● **Exercise**
Reprint the lines below as they are, minus the pictures.

● **Data shown**
↓↓↓
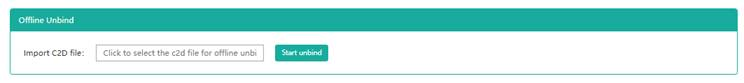 Click the button to select the c2d file saved earlier. Click Start unbind to unbind the license.
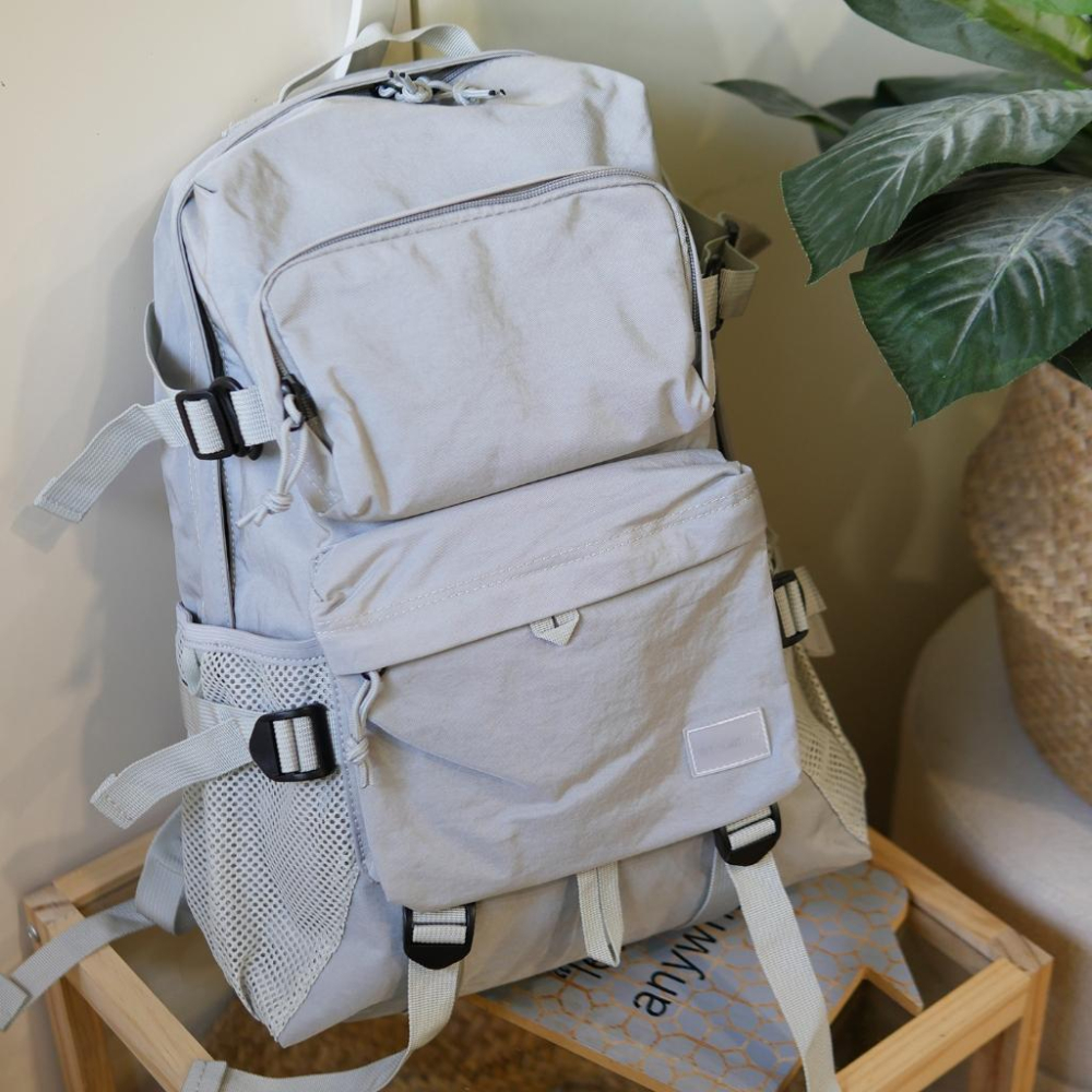 這一款在小紅書買的~質感很好耶~ 包包太多了~ 包包斷捨離中~ 很多都是買來沒有用到~或是非常少用的~歡迎賣場挖寶喔 質感灰色~ 15吋筆電可以放入 喔! 46*17*33公分~ 全新吊牌未拆 現貨是灰色喔 黑色是背起來的大小樣子!供參考比例
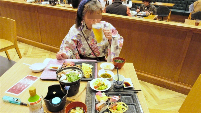 もちろん生ビールがすすむ。ちなみに朝食も同じ場所。
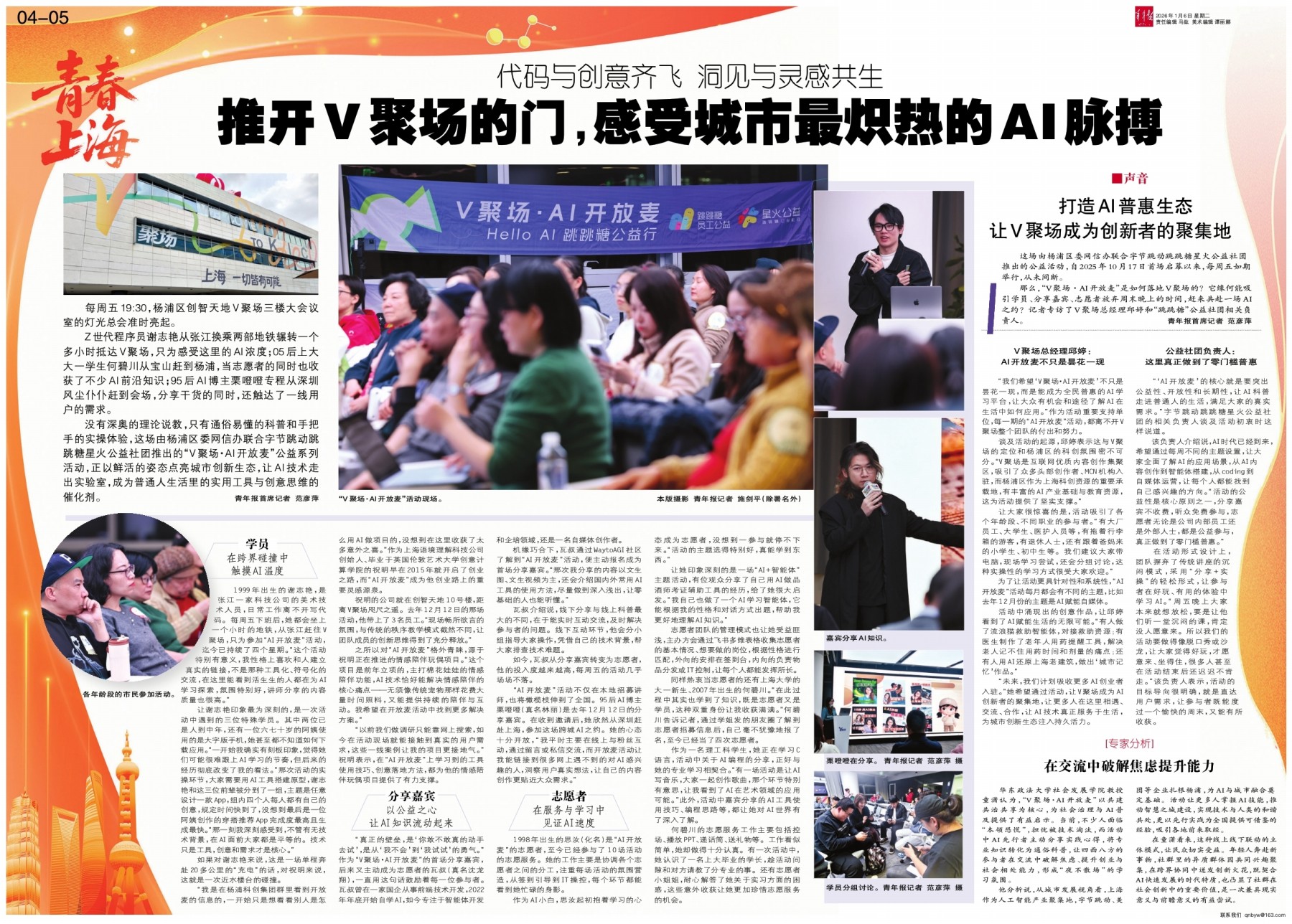 谈及活动的起源,邱婷表示这与V聚场的定位和杨浦区的科创氛围密不可分。“V聚场是互联网优质内容创作集聚区,吸引了众多头部创作者、MCN机构入驻,而杨浦区作为上海科创资源的重要承载地,有丰富的AI产业基础与教育资源,这为活动提供了坚实支撑。”
↑↑↑
● **Solution to this exercise**
 Click the button to select the c2d file saved earlier. Click Start unbind to unbind the license.
 這一款在小紅書買的~質感很好耶~ 包包太多了~ 包包斷捨離中~ 很多都是買來沒有用到~或是非常少用的~歡迎賣場挖寶喔 質感灰色~ 15吋筆電可以放入 喔! 46*17*33公分~ 全新吊牌未拆 現貨是灰色喔 黑色是背起來的大小樣子!供參考比例
 もちろん生ビールがすすむ。ちなみに朝食も同じ場所。
 谈及活动的起源,邱婷表示这与V聚场的定位和杨浦区的科创氛围密不可分。“V聚场是互联网优质内容创作集聚区,吸引了众多头部创作者、MCN机构入驻,而杨浦区作为上海科创资源的重要承载地,有丰富的AI产业基础与教育资源,这为活动提供了坚实支撑。”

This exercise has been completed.